2018-26-16; 2024-11-37.

Division (4) — Board of Variance

Establishment and membership of Board of Variance

572.   In this and the following section "Board" means "Board of Variance."

(1) The Council shall establish by by-law a Board, consisting of 5 members appointed by the Council.

(1.1) The members of the Board shall elect one of their number as Chair of the Board.

(1.2) The Board shall appoint a secretary and shall appoint such other officials as may be required by the Board.

(2) Subject to subsection (2.1), each member of the Board shall hold office for a term of three years or until the member's successor is appointed, but a person may be reappointed for a further term or terms.

(2.1) The Council may rescind an appointment to the Board at any time.

(3) The Council may provide, by by-law or resolution, for the remuneration of members of the Board, in such amounts as the Council thinks fit, and may also provide for the payment of a fee for the hearing of an appeal before the Board.

(4) No person who is a member of the Advisory Planning Commission or who holds any municipal office, whether appointed or elected, is eligible to be appointed or to sit as a member of the Board.

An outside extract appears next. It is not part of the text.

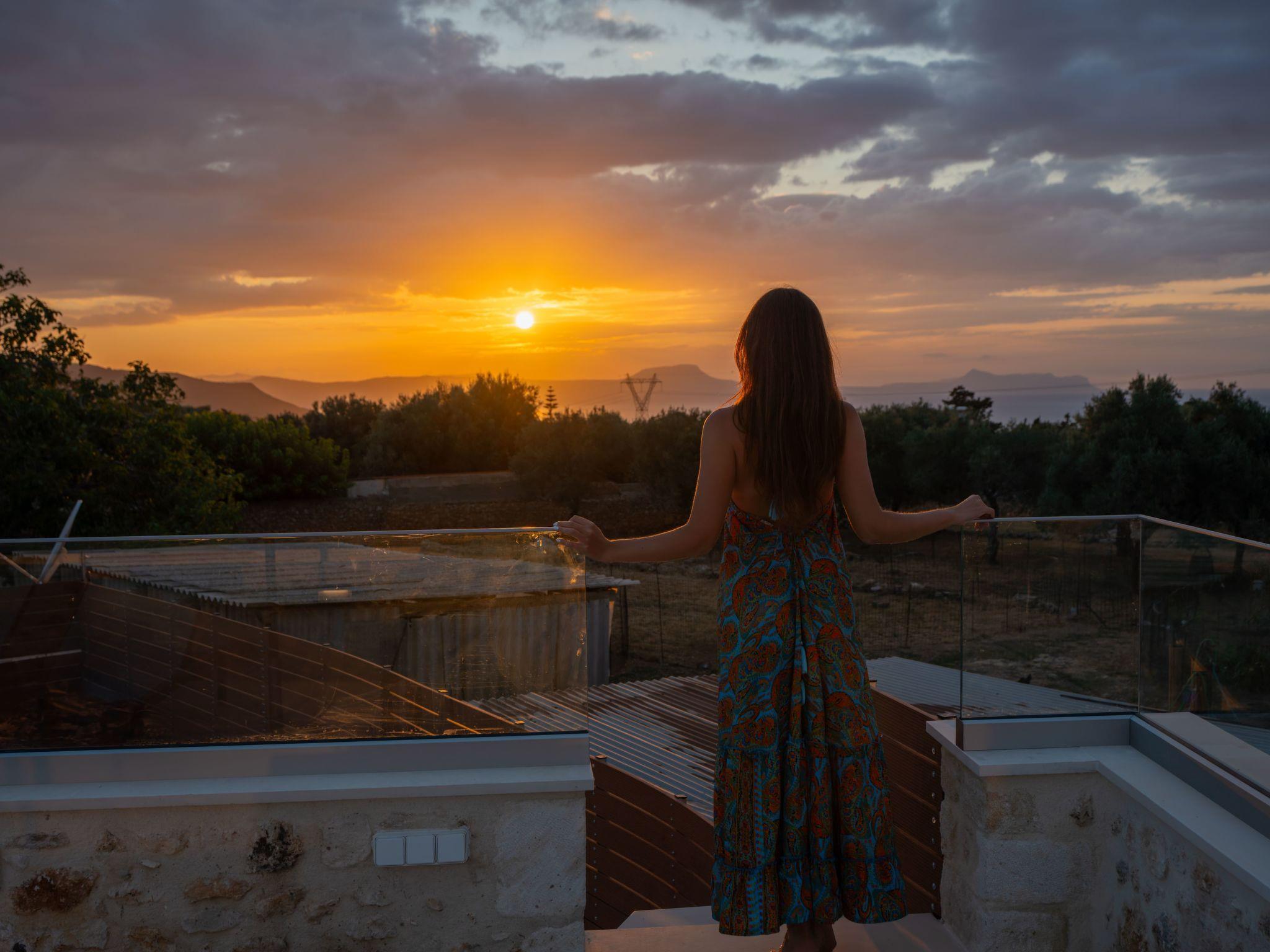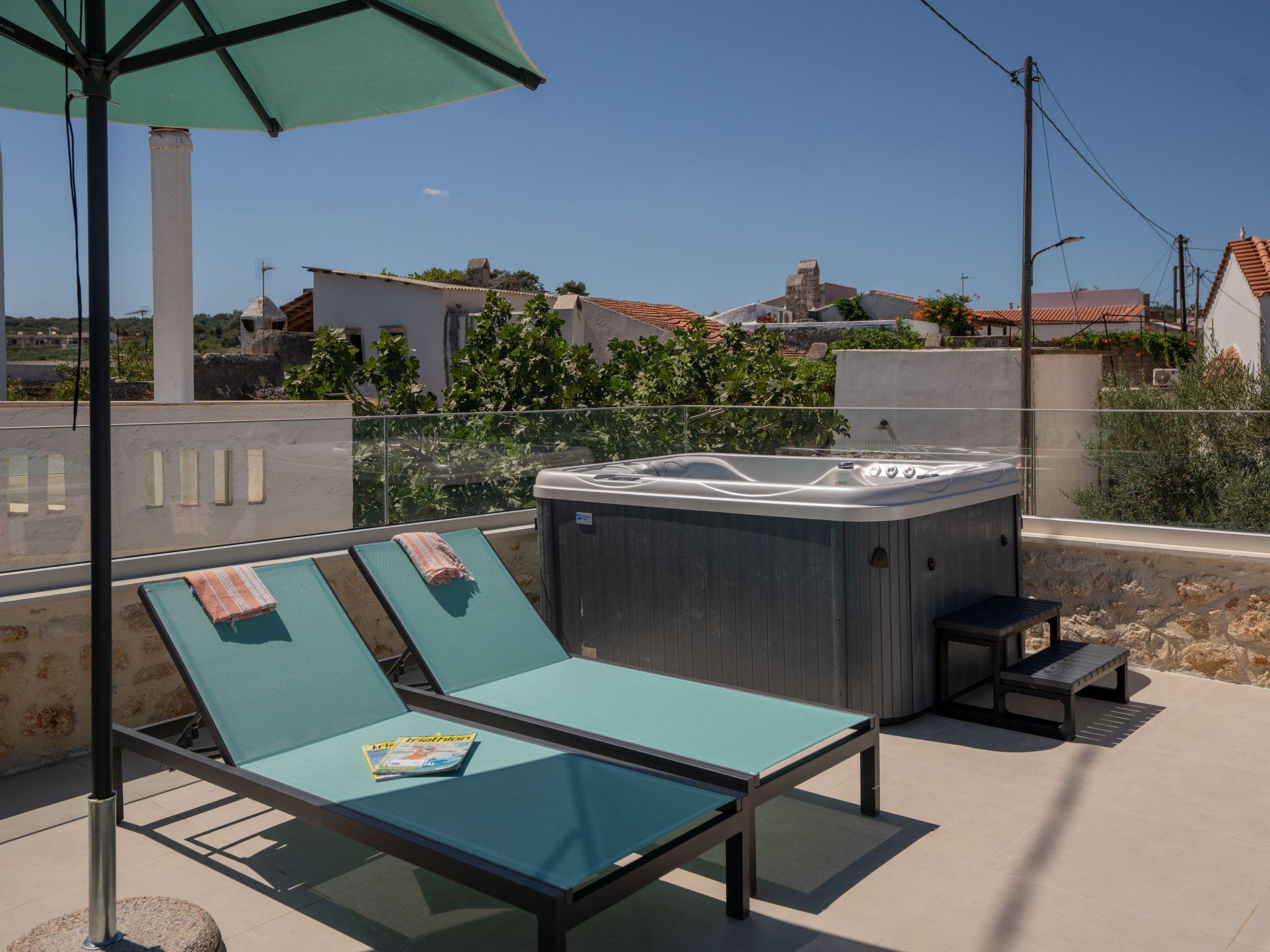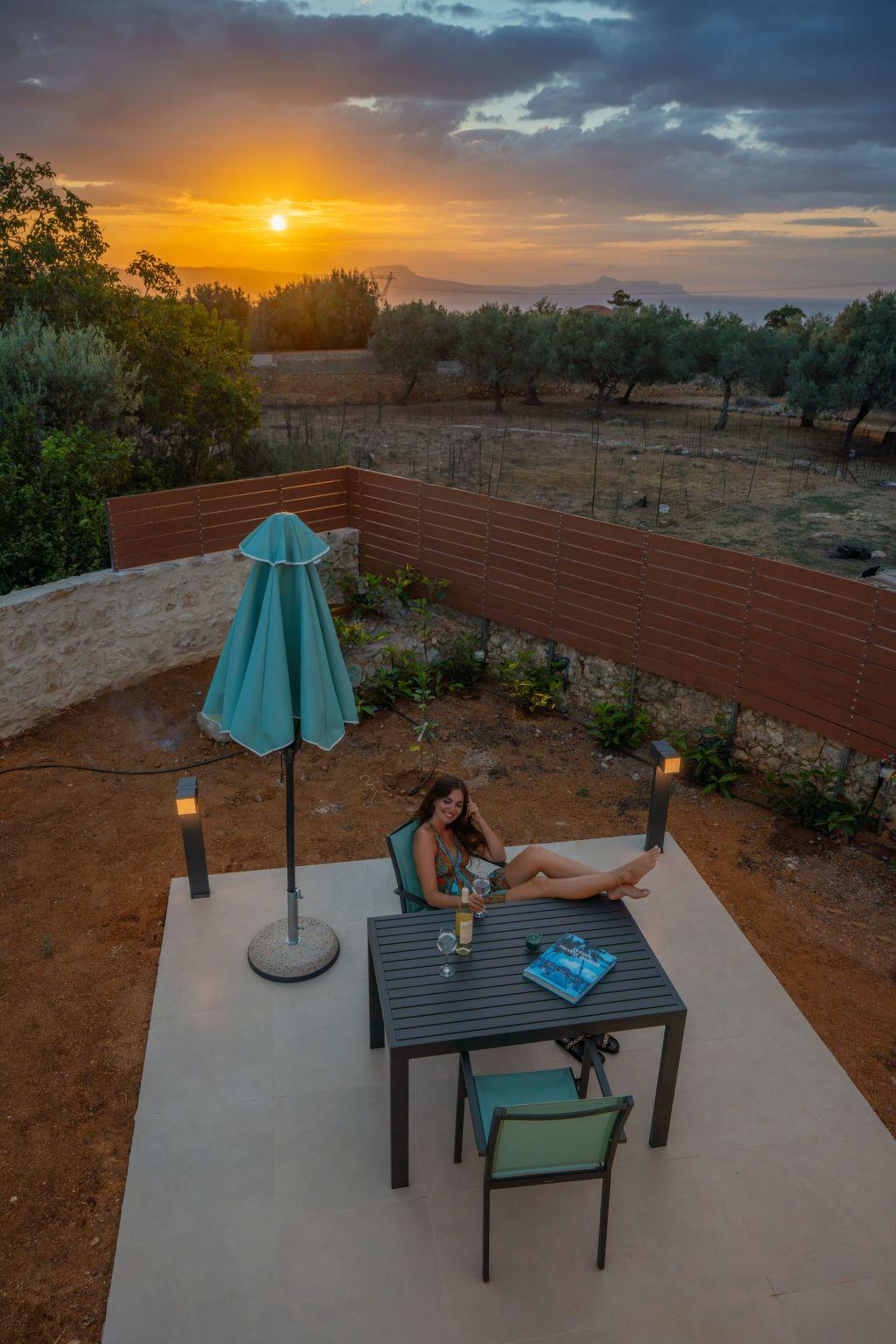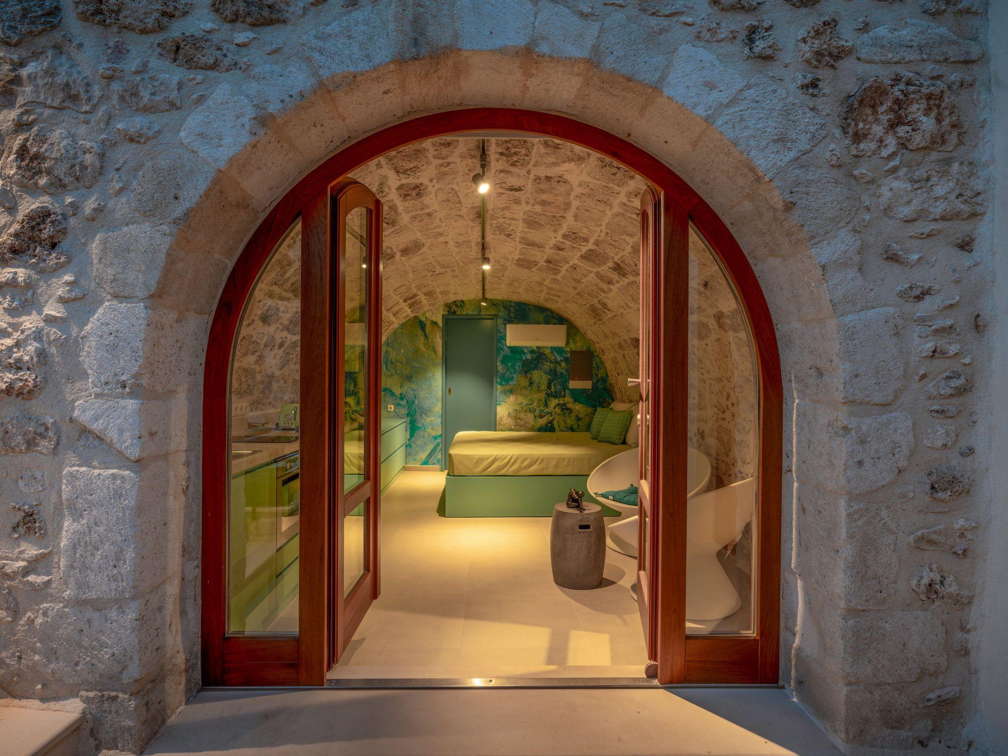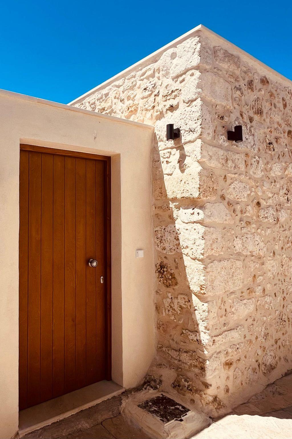 Our house is a small old stone house in the form of a vault with 1 metre thick stone walls. We have renovated this house with great attention to detail, preserving the stone construction and unique architecture and combining it with modern green and blue colours. All the furniture is handmade and customised for this rare architecture. LG Smart TV, SAT-TV, internet connection complete the technical comfort of this small house. It is a detached house for 2 people and is therefore a very rare property, as most holiday homes on Crete have 3 or more bedrooms. A property for couples who want to enjoy their togetherness. On the roof terrace there is a heated whirlpool from which you can enjoy a marvellous view of the sea and the White Mountains, the sunset from here is a real dream! A small garden with a terrace rounds off the outdoor area. Here we have planted a banana, lemon, orange and mandarin tree instead of palm trees. The house is located in a very quiet lane in the village of Prines. The village centre is only 100m away. Here you will find three tavernas, a small grocery shop, a pharmacy and the bus stop, from where you can easily reach the city of Rethymno in less than 10 minutes.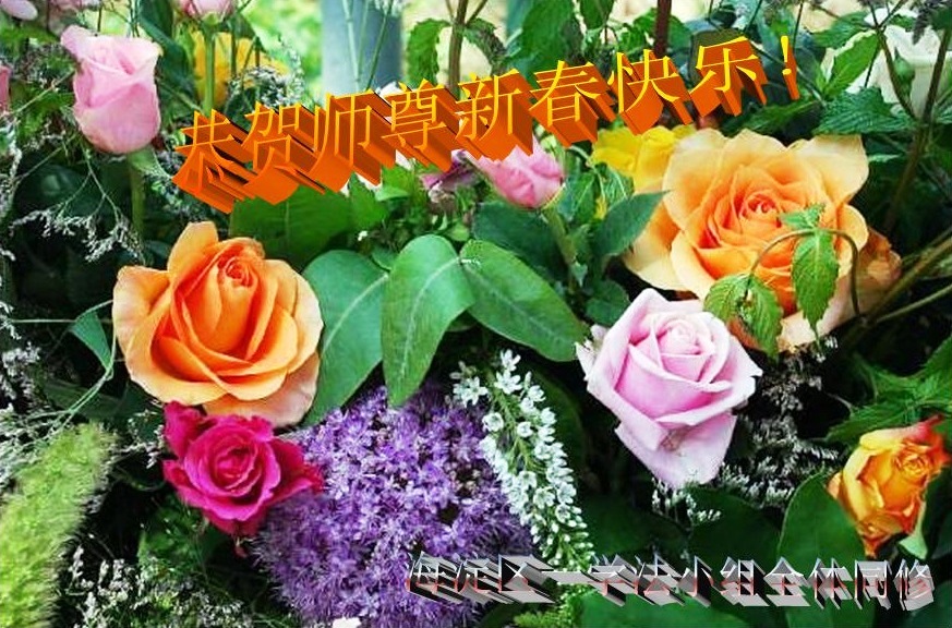 师尊您辛苦啦! 恭祝慈悲伟大的师尊新年快乐!师尊您辛苦啦!每逢佳节倍思亲 叩拜师尊表寸心 新老弟子是一体 抓紧救人是本份 精進实修向内找 救满人数愿师笑 北京海淀区一学法小组大法弟子恭贺师尊新年快乐!

(5) Three members of the Board shall constitute a quorum.

(6) The Chair may from time to time appoint a member of the Board as Acting Chair to preside in the absence of the Chair.

(7) If a member of the Board ceases to hold office, a successor shall be appointed in the same manner as such member was appointed and, until the appointment of a successor, the remaining members shall constitute the Board.

(8) [Repealed 2003-15-20.]

(9) The by-law establishing the Board shall set out the procedure to be followed by the Board, including the manner in which appeals are to be lodged and the method of giving notices required under section 573.

1959-107-20; 1969-45-29; 2003-15-20; 2004-34-22.

Appeals to Board of Variance

573.   (1) The Board shall hear and determine appeals

(a) by any person aggrieved by a decision on a question of zoning by any official charged with the enforcement of a zoning by-law;

(b) by any person who alleges that the enforcement of a zoning by-law with regard to siting, size, shape, or design of a building would cause the person undue or unnecessary hardship arising out of peculiarities in the site or special circumstances connected with the development. In any such case the Board may, to the extent necessary to give effect to its determination, exempt the applicant from the applicable provisions of the zoning by-law;

(c) by any person who alleges that due to special circumstances or conditions the provisions of subsection (3) of section 568 will result in undue or unnecessary hardship to the person;

(d) with respect to matters arising under subsections (4) and (5) of section 568;

(e) by any person aggrieved by a decision by any board or tribunal to whom Council has delegated power to relax the provisions of a zoning by-law;

(f) by any person who, by reason of Part XXIX [Protection of Trees], is

(i) unable to obtain a permit authorizing tree cutting or removal, or

(ii) unable to comply with the requirements of a by-law or permit under that Part.

(2) The Board shall not allow any appeal solely on the ground that if allowed the land or buildings in question can be put to a more profitable use nor unless the following conditions exist: —

(a) The undue or unnecessary hardship arises from circumstances applying to the applicant's property only; and

(b) The strict application of the provisions of the by-law would impose an unreasonable restraint or unnecessary hardship on the use of the property inconsistent with the general purpose and intent of the zoning by-law; and

(c) The allowance of the appeal will not disrupt the official development plan.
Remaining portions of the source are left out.